- Opening Delimiter -
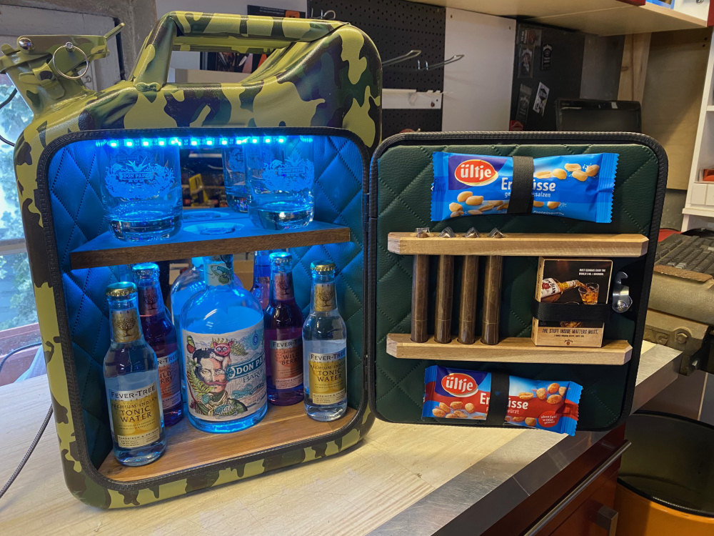 Ich verarbeite nur fabrikneue Stahlblechkanister. Die Größe eines 20 Liter Kanisters beträgt 47cm x 35cm x16cm (H x B x T), das Gewicht ohne Flaschen, Gläser etc. ca 8 kg. Die Rückwand innen besteht aus Echtglasspiegeln, neben dem perforierten PU-Leder ist echtes Akazienholz verbaut. Die Scharniere bestehen aus Zinkdruckguss und Edelstahl und sorgen zusammen mit dem voll umlaufenden schwarzen Kederband für ein kompaktes modernes Aussehen sowie Sicherheit und Langlebigkeit.
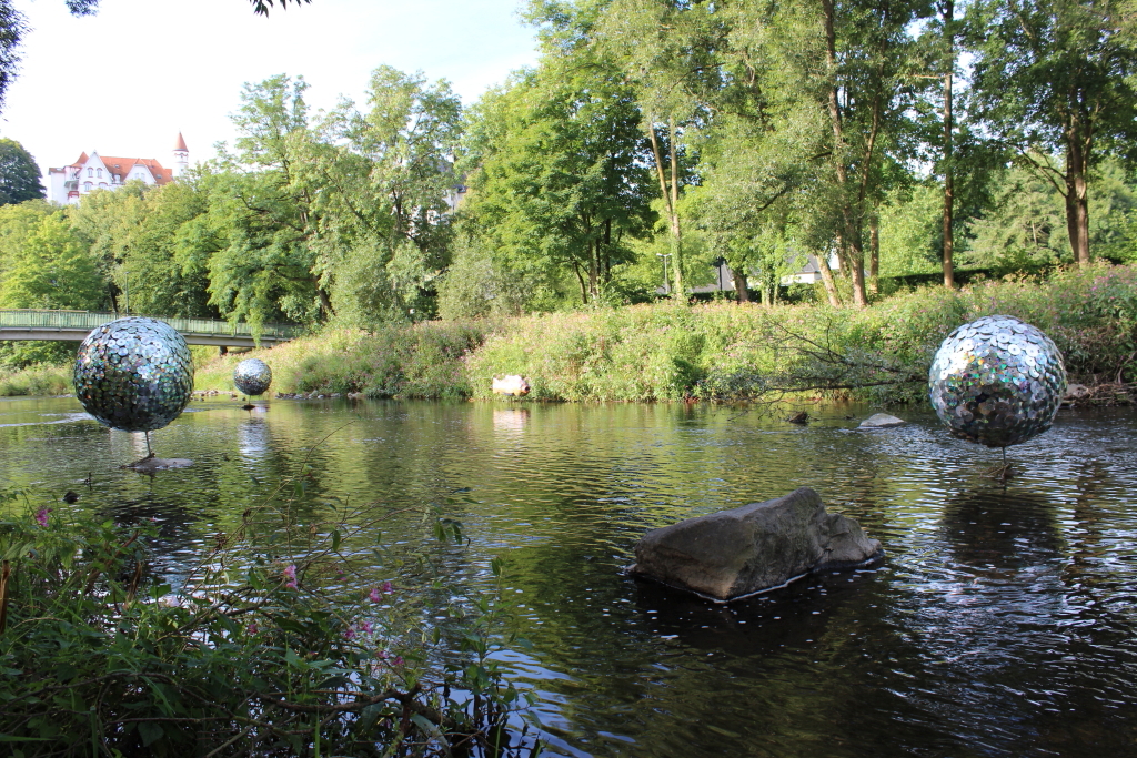 überquerten wir neben den Eisenbahngleisen und das Tunnelportal im Rücken die Ruhr. Kurz schauten wir uns den Bahnhof an und dann stießen wir auf Kunstwerke in der Ruhr
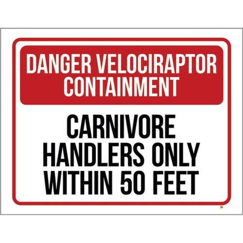 Kit 10 Placas Danger Velociraptor Containt Placas de sinalizaço fabricadas com poliestireno de alto impacto PSAI de 2mm e impressão ultravioleta.
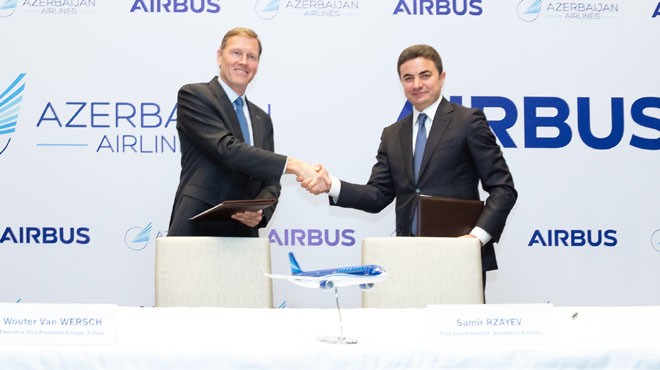 AZAL (Azerbaijan Airlines) CEO'su Samir Ryzayev ve Airbus Avrupa Müdürü Wouter Van Wersch'ın katıldığı imza töreni Bakü'de yapıldı. AZAL'ın uçak siparişlerinin, filoyu genişletmek ve pazarda rekabet gücünü artırmak stratejisi kapsamında verildiği belirtildi.
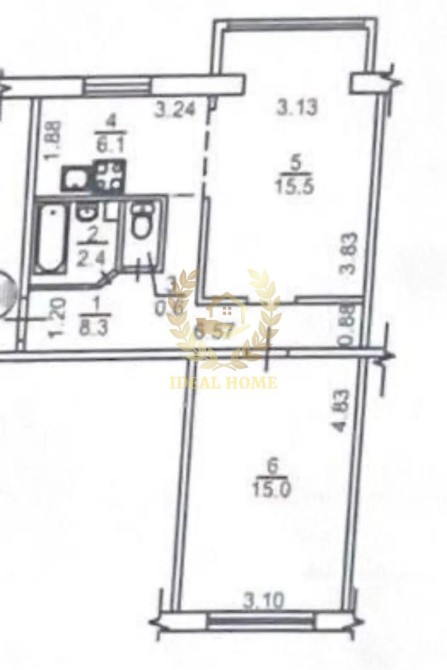 • Площа кухні 6.1 м2
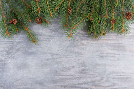 Christmas background with branches of fir, empty copy space, wooden gray backdrop
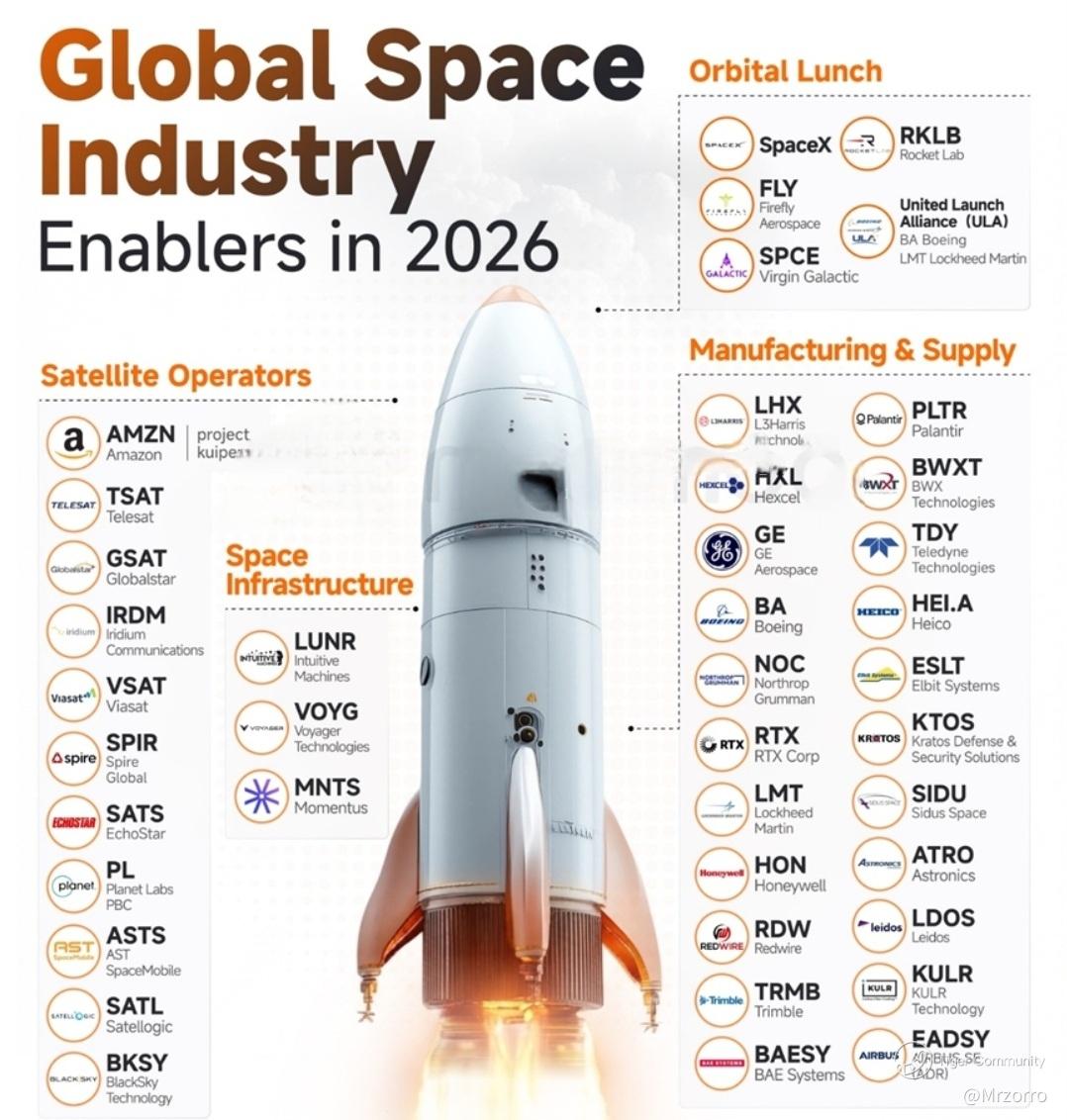 Besides Boeing and Lockheed Martin mentioned above, $Northrop Grumman (NOC.US)$, $RTX Corp (RTX.US)$, $GE Aerospace (GE.US)$, $L3Harris Technologies (LHX.US)$, and $AIRBUS SE (EADSY.US)$ are all reliable contractors for space defense orders.
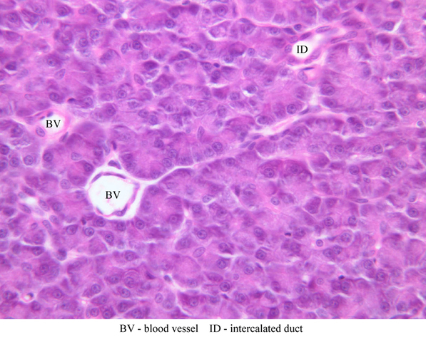5 Blood Vessel BV H&E b36b intercalated duct pancreas 40x labeled.jpgB36, Pancreas, 40x
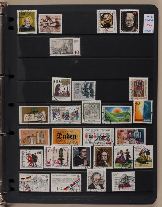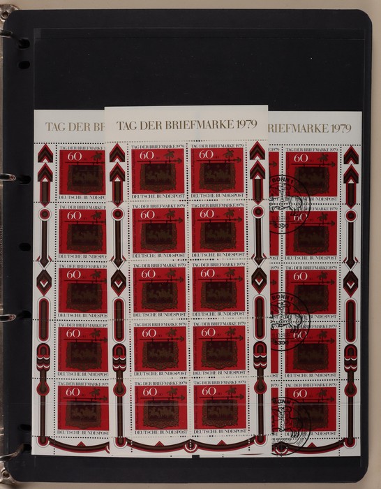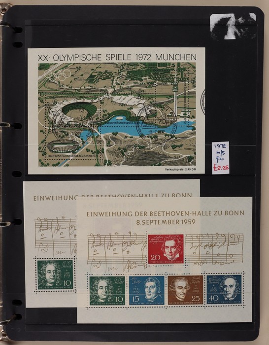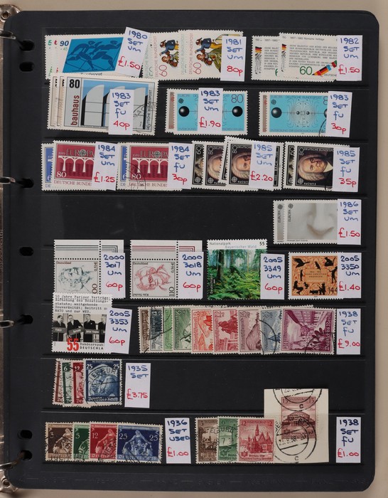 829 imageGermany: Collections in 3 albums- 1st volume to 1994 in Davo illustrated album, with 1870s Small Eagles (6), Large Eagles (9) to 3kr, 1900 Reich Post to 3M, 1902 Deutsches Reich to 5M, all G-F/VFU. Then mostly M inc 1920 Bavaria opt Deutches Reich to 20Mk (ex 3Mk), 1924-27 Castles set, 1927 ILO opt set, 1933 Reich stag set, 1933 Welfare 25pf, 1934 Welfare Fund set UN, 1935 Welfare Fund set, 1936 Olympics M/Sheet, 1936 Brown Ribbon M/Sheet, 1937 opt M/Sheet MNH, Belgium 1943 Waffen set, Michel IX/XIV in sheets of 4 hinged in selvedge (cat €600); 2nd album with Berlin 1949-1990 a solid mostly F-VF M-MNH collection inc 1999 Berlin black opts to 5Mk, 1999 UPU set, 1949-54 Building to 5Mk, 1950 Orchestra set M, 1951-53 Bell (all 3 sets), Bell at centre MNH, others M, 1952 Olympics set, 1952-53 Berliners set, 1970 President set, 1975 Industry set, 1985 Famous Women & 1987 Tourist Sights sets MNH. 3rd album with West Germany inc 1951 St Mary's set, 1955-1980 good range MNH inc 1959 Beethoven M/Sheet. Largely F-VF. SG cat £6600 = A$13,000. (2200, 6 M/S) (Image1) (Image2) (Image3) (Image4) (Image5) (Image6) (Image7) (Image8) (Image9) (Image10) (Image11) (Image12) (Image13) (Image14) (Image15) (Image16) (Image17) (Image18) (Image19) (Image20) (Image21) (Image22) (Image23) (Image24) (Image25) (Image26)
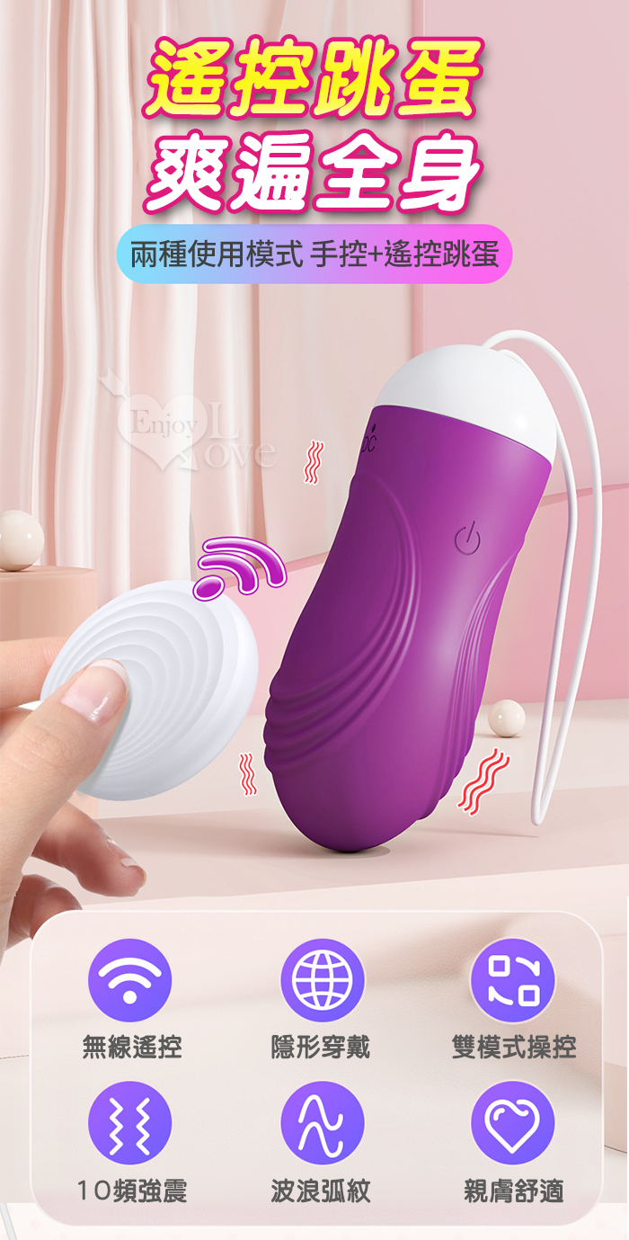 ※ 波浪弧紋外觀加大刺激感,10頻酥麻強震、10米無線遙控,親膚材質貼合女性尺寸,USB直充方便快捷,噪音小,體驗感非常好。
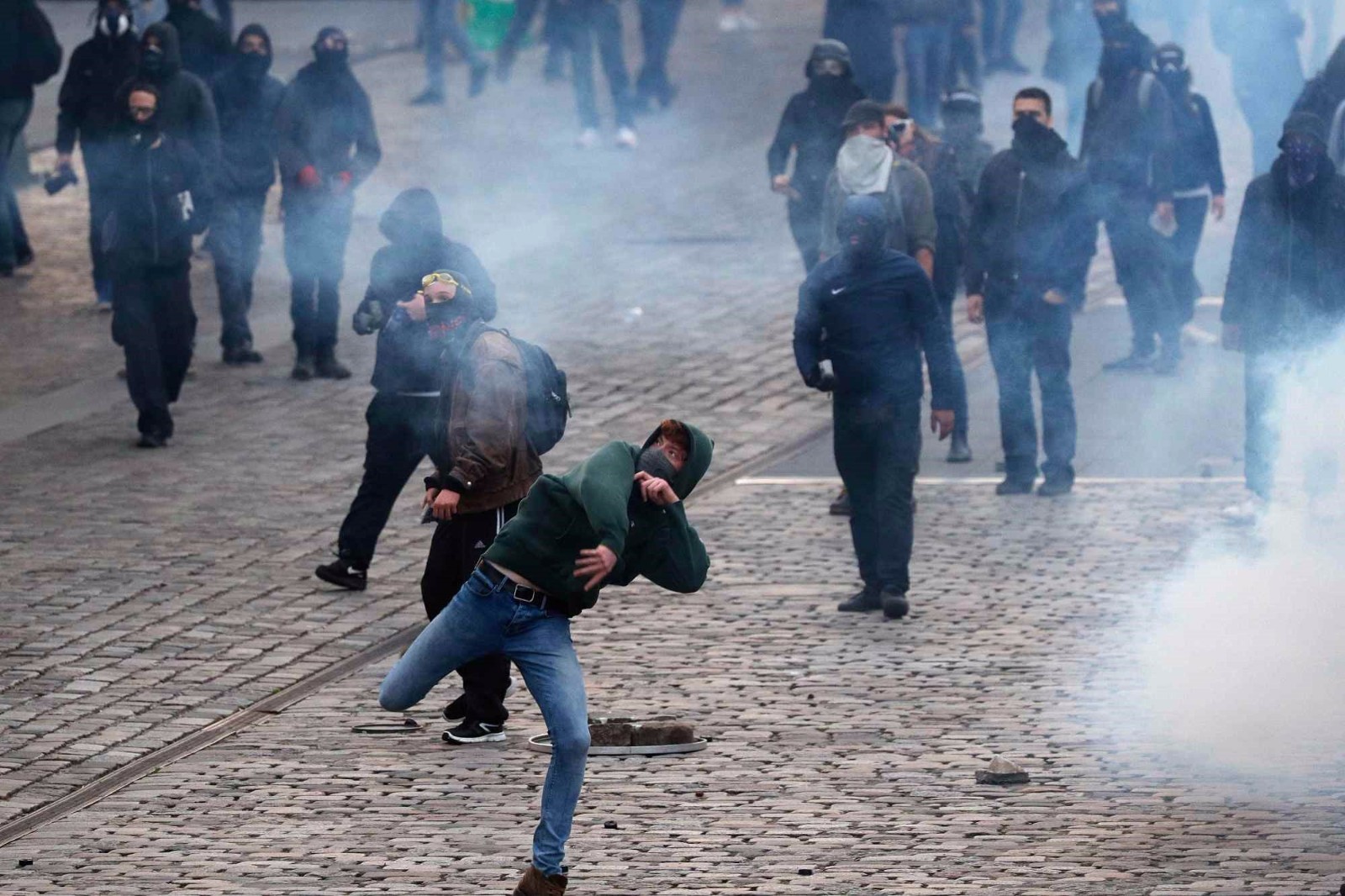 法国极右翼总统候选人勒庞召开竞选集会,遭民众场外扔石头抗议。
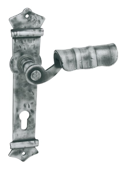 Štítová klika na interiérové ​​dveře s kovaným štítem je vyrobena z kovaného železa a je povrchově upravena.
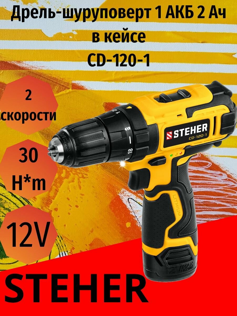 Дрель-шуруповерт STEHER 12В 1 АКБ 2Ач-1 (CD-120-1)
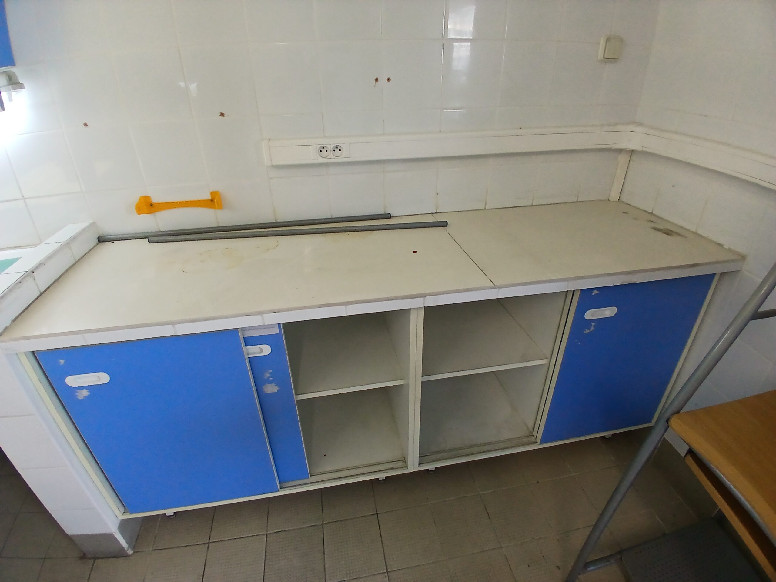 Placard avec deux portes coulissantes. Installé sous une paillasse fixée au mur (petits travaux pour…
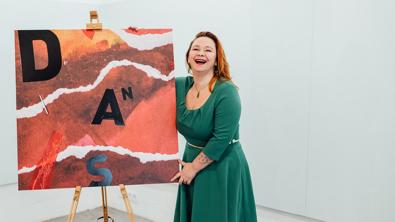 Nope. De kleuren, het woord en de compositie, alles is een verrassing. Jij ziet je kunstwerk pas als het helemaal af is tijdens de art reveal. Het enige wat ik je kan vertellen is dat het kunstwerk 90 x 90 cm wordt. :)
- Closing Delimiter -
## Assignment
The lines wanted are those from the one with "Placard avec deux" to the end of the entries above, repeated exactly, both ends included. Leave out the pictures.

## Response for this exercise
 Placard avec deux portes coulissantes. Installé sous une paillasse fixée au mur (petits travaux pour…
 Nope. De kleuren, het woord en de compositie, alles is een verrassing. Jij ziet je kunstwerk pas als het helemaal af is tijdens de art reveal. Het enige wat ik je kan vertellen is dat het kunstwerk 90 x 90 cm wordt. :)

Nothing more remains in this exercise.